To request a covariate dependency test that is based on an EDF statistic, you use the COVTEST statement, in which you specify the point process and the covariates that need to be tested. The following statements perform a covariate dependency test that is based on an EDF statistic:
proc spp data=sashelp.bei; process trees = (x,y /area=(0,0,1000,500) event=Trees); trend grad = field(x,y,Gradient); trend elev = field(x,y,Elevation); covtest trees = grad elev; run;
When you do not request any specific EDF test statistic, by default the SPP procedure produces an EDF test that uses the Kolmogorov-Smirnov statistic for each covariate that is specified in the COVTEST statement, as shown in Output 105.2.1.
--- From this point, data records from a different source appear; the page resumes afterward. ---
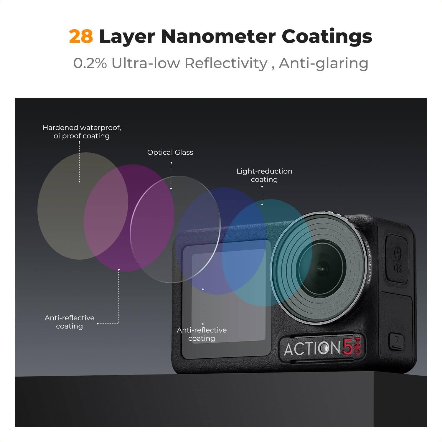 28 Multi-Layer Coatings: Multi-coated filter utmost reduce the glaring and flares, waterproof, scratch-resistant, dustproof, and oil-proof, protecting your action camera lens from all-rounds
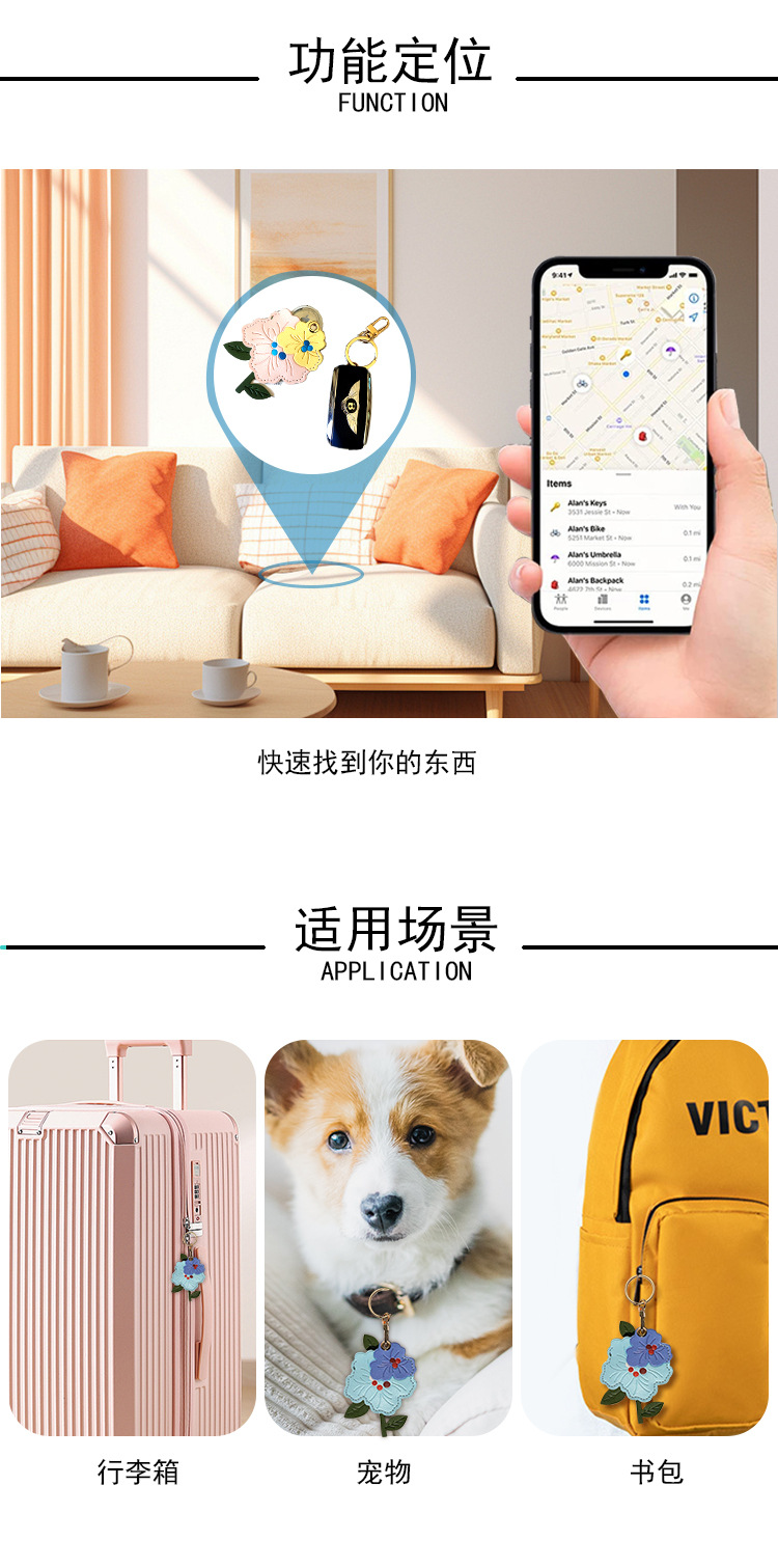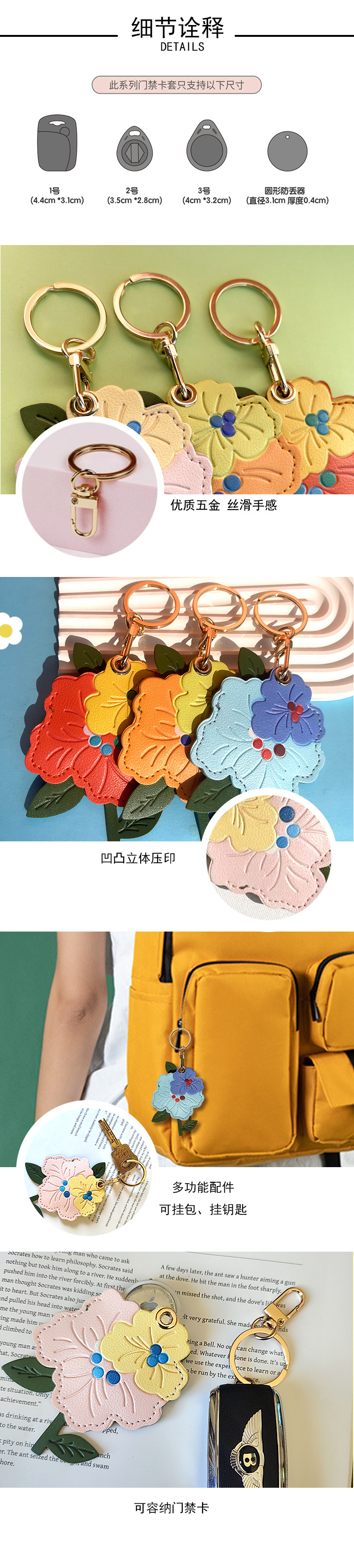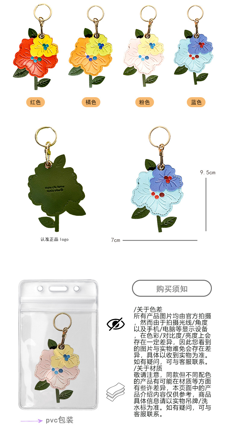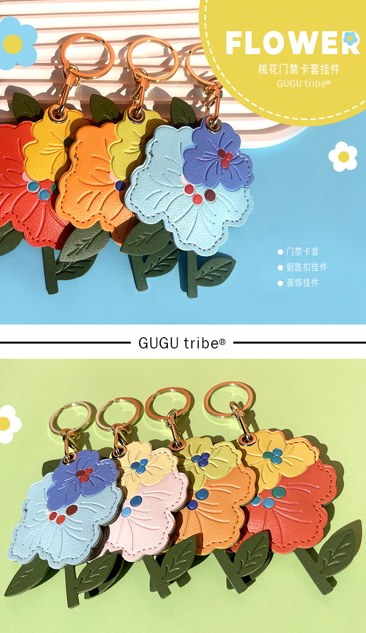 Venta caliente transfronteriza flor de durazno cuero control de acceso funda de tarjeta localizador funda protectora llavero colgante de regalo llavero
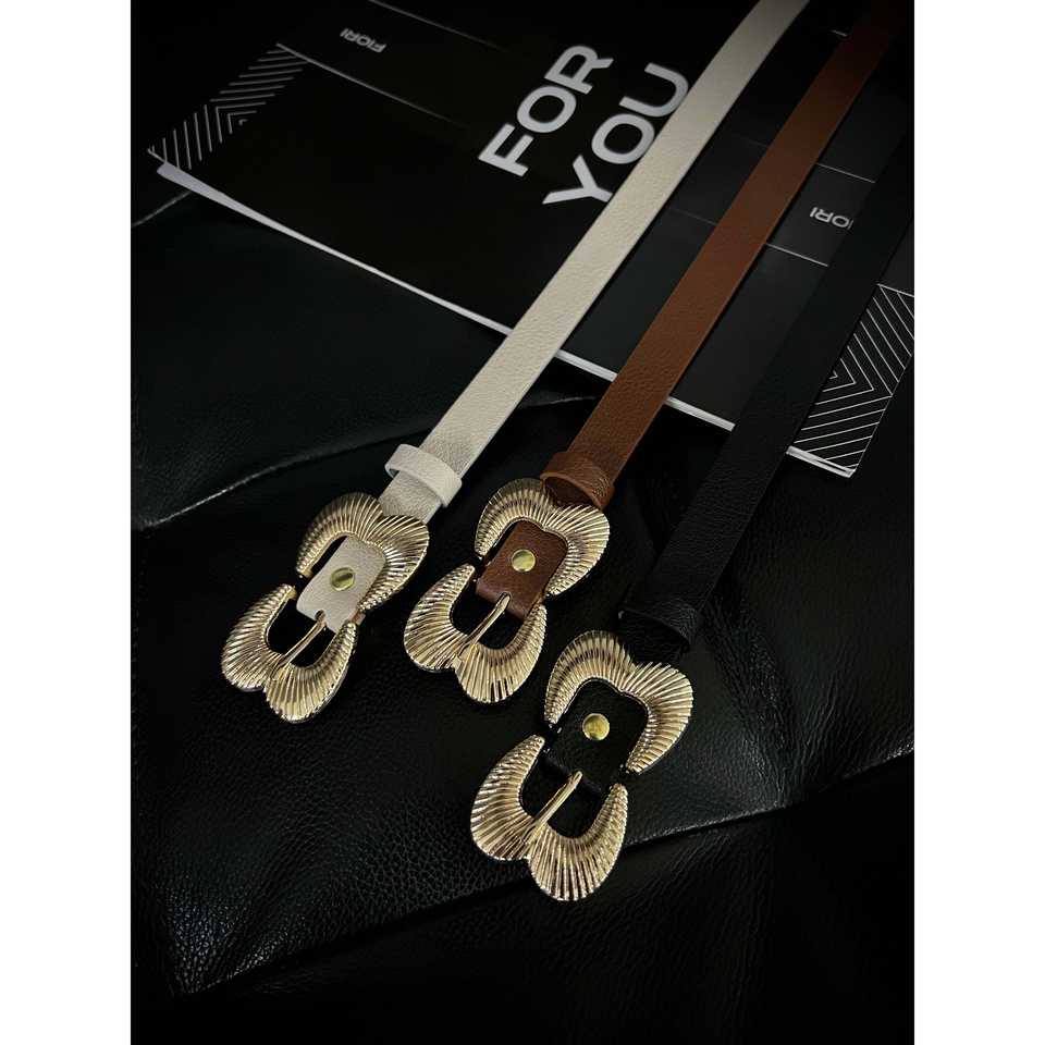 เข็มขัดหนังแท้หัวเข็มขัดคู่สีทอง หนังวัวแท้ ดีไซน์เรียบง่ายสำหรับผู้หญิง หัวเข็มขัดรูปทรงพิเศษแบบสองง่าม

Output 105.2.1: Weighted EDF Test Statistic
Output 105.2.1 reports the value of the Kolmogorov-Smirnov D test statistic and a p-value. The p-value indicates that the null hypothesis of independence on the covariate is rejected. In addition to the test statistic
and the p-value, PROC SPP produces a plot of the empirical and transformed distribution function for each covariate. Output 105.2.2 and Output 105.2.3 show the plots of the Kolmogorov-Smirnov statistic for the covariates Gradient and Elevation, respectively. In each figure, the plot on the left includes the empirical density function (EDF) of the variable (solid
blue line) and the weighted EDF (transformed EDF or transformed line). The plot on the right is a PP plot that plots the Empirical
probability (EDF) versus the Transformed probability( Transformed) against the reference standard uniform (red line). The
same plot also shows the largest vertical difference between the normal and uniform lines, which is the Kolmogorov-Smirnov
statistic D. From the right plots in Output 105.2.2 and Output 105.2.3, it is quite apparent that the EDF by Transformed line overlaps only at the ends for the Gradient covariate and crosses the uniform line once for the Elevation covariate. Thus, you can infer that the Gradient covariate (in addition to having a higher D statistic value) deviates considerably from the uniform line.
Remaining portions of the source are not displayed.